SOURCE DATA =>
:::
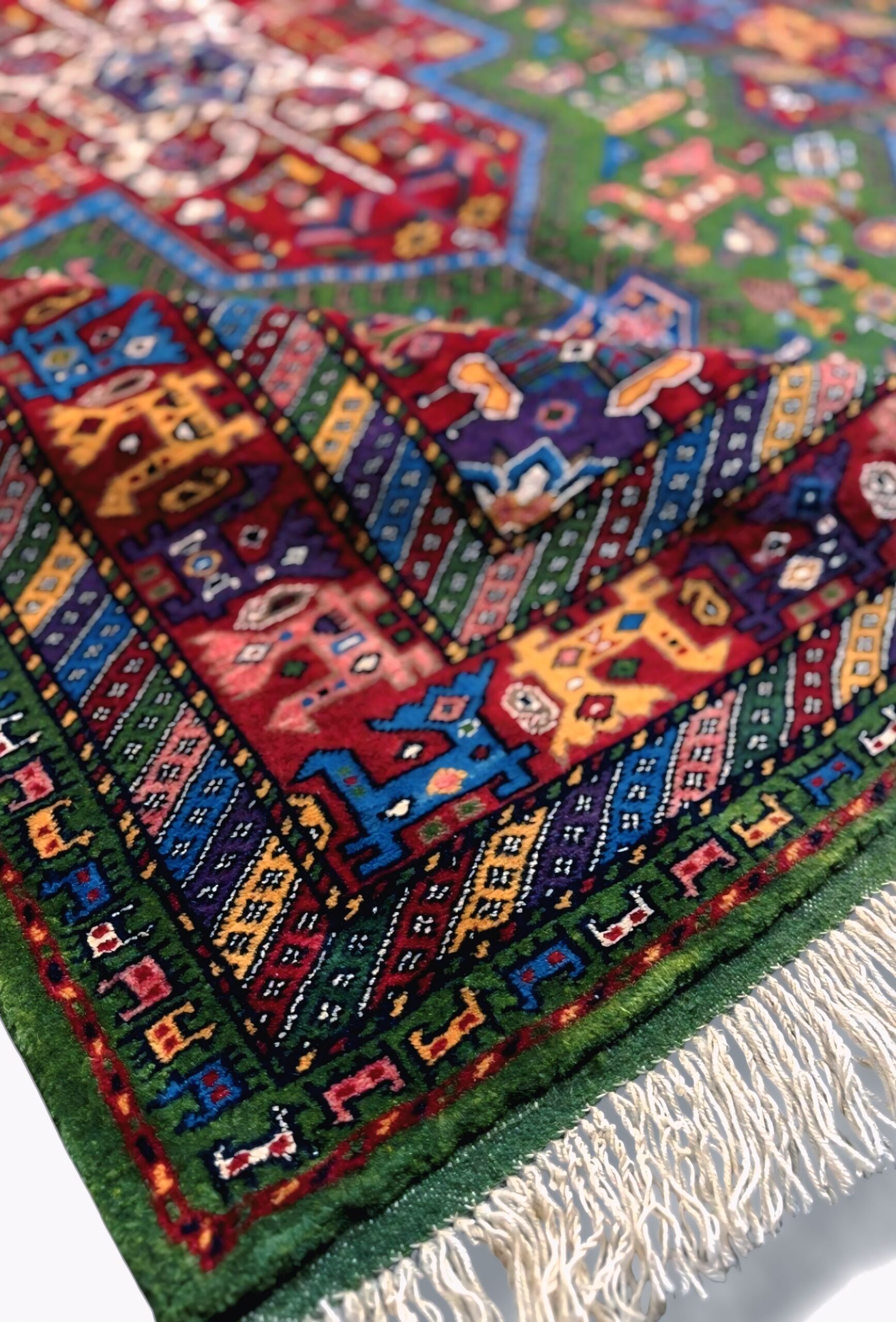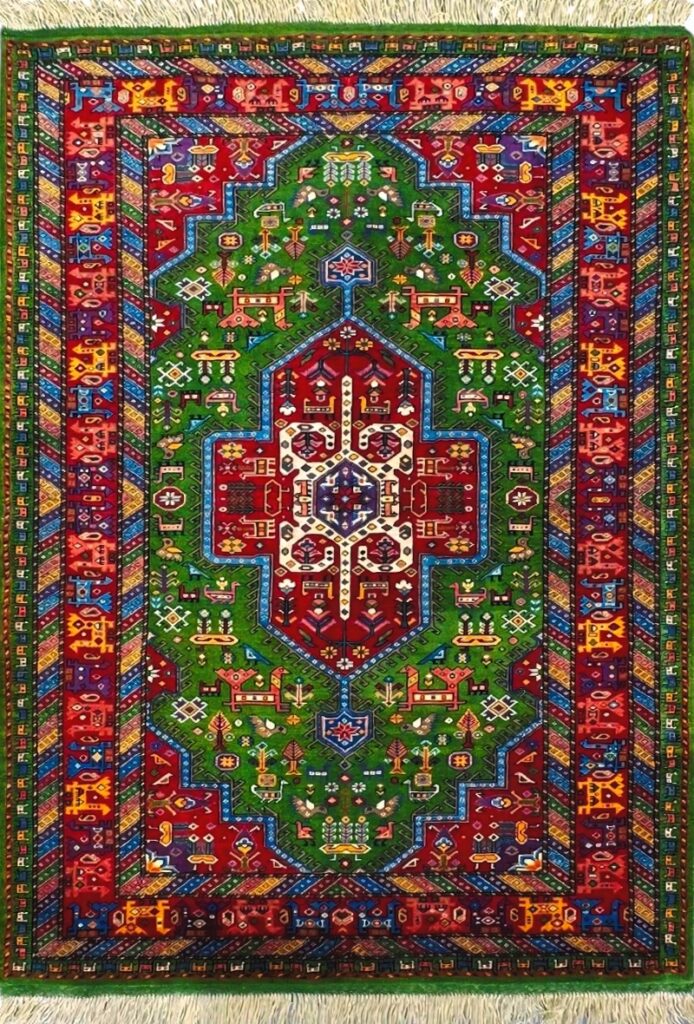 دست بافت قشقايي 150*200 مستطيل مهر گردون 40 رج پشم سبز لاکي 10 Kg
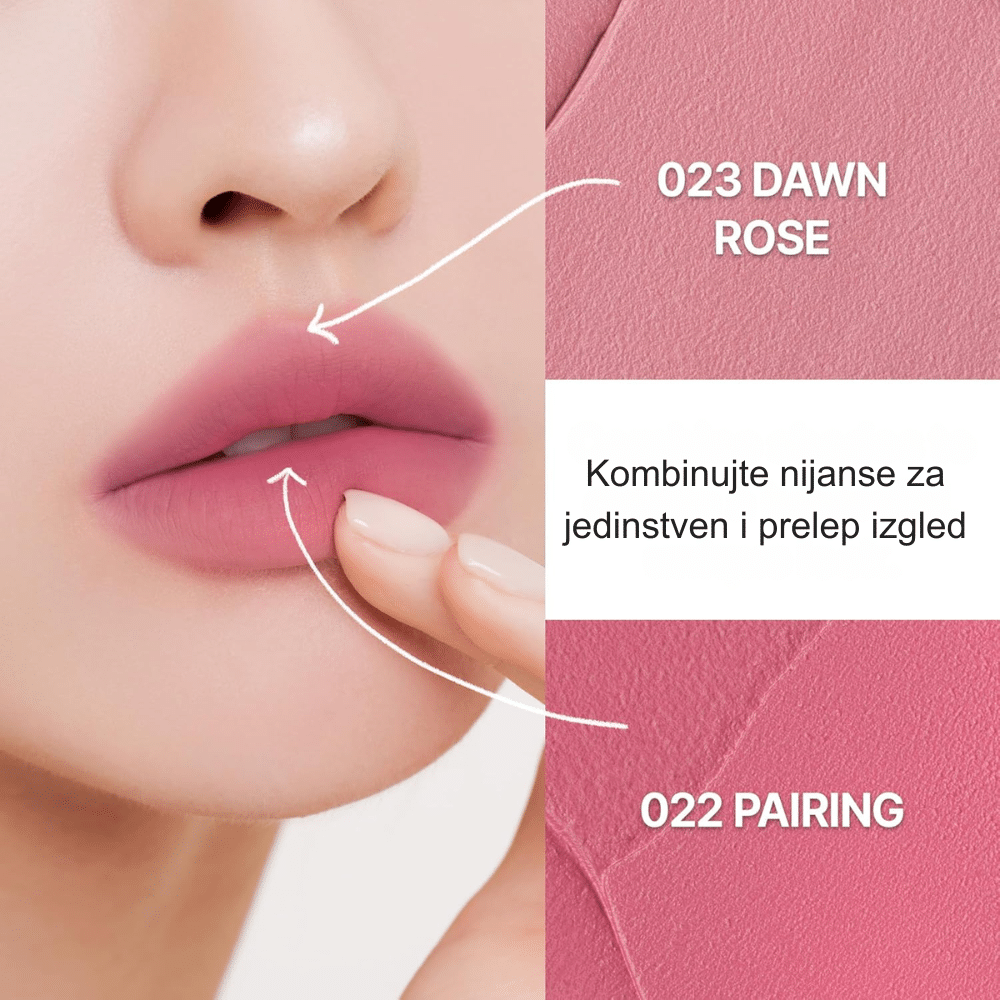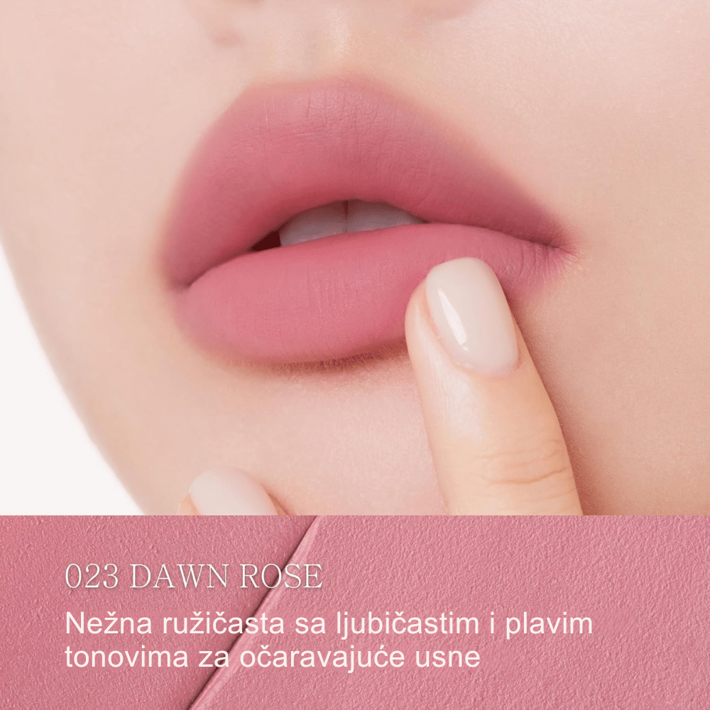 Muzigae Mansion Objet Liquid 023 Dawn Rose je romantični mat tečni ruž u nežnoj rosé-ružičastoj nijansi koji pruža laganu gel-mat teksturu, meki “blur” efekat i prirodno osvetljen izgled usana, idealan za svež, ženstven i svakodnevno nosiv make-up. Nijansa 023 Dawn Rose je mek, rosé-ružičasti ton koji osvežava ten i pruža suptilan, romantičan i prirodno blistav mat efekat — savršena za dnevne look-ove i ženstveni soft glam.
:::
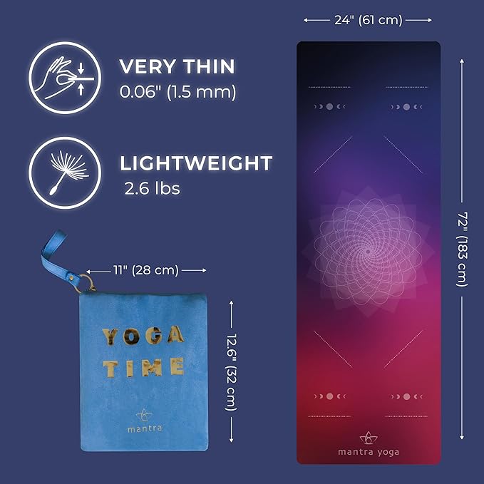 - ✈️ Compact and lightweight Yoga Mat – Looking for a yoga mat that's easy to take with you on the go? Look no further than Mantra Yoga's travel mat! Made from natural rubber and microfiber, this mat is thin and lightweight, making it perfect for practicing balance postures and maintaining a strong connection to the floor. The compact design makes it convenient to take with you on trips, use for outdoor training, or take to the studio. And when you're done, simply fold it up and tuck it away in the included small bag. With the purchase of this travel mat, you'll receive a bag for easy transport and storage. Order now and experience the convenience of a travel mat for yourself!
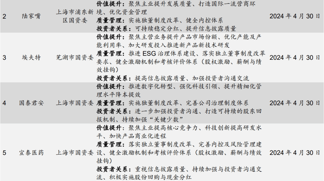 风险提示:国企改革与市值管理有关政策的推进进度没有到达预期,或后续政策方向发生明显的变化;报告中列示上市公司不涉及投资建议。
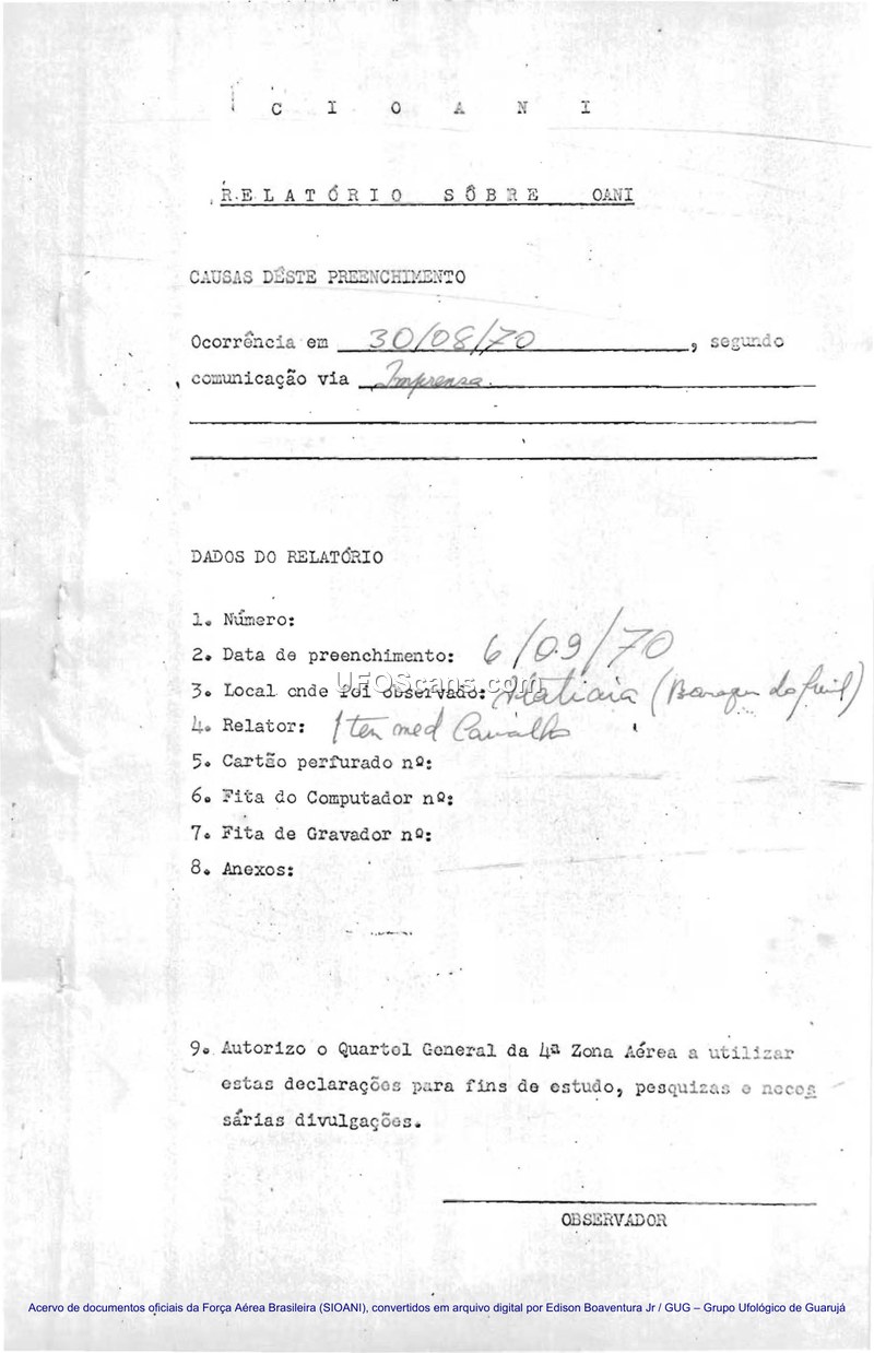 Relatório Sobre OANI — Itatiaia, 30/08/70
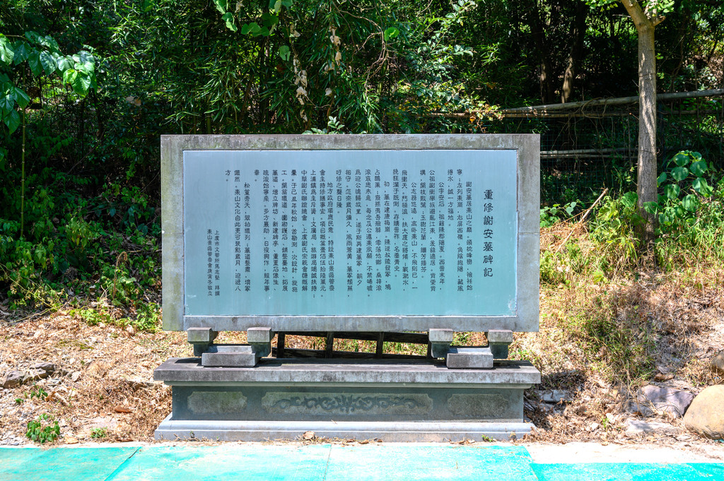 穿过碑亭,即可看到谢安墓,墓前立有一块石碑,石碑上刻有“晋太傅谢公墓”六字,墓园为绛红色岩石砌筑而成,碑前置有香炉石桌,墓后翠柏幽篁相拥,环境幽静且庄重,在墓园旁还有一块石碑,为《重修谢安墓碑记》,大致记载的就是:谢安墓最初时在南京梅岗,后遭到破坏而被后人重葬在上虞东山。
:::
YOUR GOAL => Everything above from the line containing "- ✈️ Compact" through the line containing "穿过碑亭,即可看到谢安墓,墓" must be repeated exactly, and the pictures must be left out.

SOLUTION TO THIS EXERCISE =>
 - ✈️ Compact and lightweight Yoga Mat – Looking for a yoga mat that's easy to take with you on the go? Look no further than Mantra Yoga's travel mat! Made from natural rubber and microfiber, this mat is thin and lightweight, making it perfect for practicing balance postures and maintaining a strong connection to the floor. The compact design makes it convenient to take with you on trips, use for outdoor training, or take to the studio. And when you're done, simply fold it up and tuck it away in the included small bag. With the purchase of this travel mat, you'll receive a bag for easy transport and storage. Order now and experience the convenience of a travel mat for yourself!
 风险提示:国企改革与市值管理有关政策的推进进度没有到达预期,或后续政策方向发生明显的变化;报告中列示上市公司不涉及投资建议。
 Relatório Sobre OANI — Itatiaia, 30/08/70
 穿过碑亭,即可看到谢安墓,墓前立有一块石碑,石碑上刻有“晋太傅谢公墓”六字,墓园为绛红色岩石砌筑而成,碑前置有香炉石桌,墓后翠柏幽篁相拥,环境幽静且庄重,在墓园旁还有一块石碑,为《重修谢安墓碑记》,大致记载的就是:谢安墓最初时在南京梅岗,后遭到破坏而被后人重葬在上虞东山。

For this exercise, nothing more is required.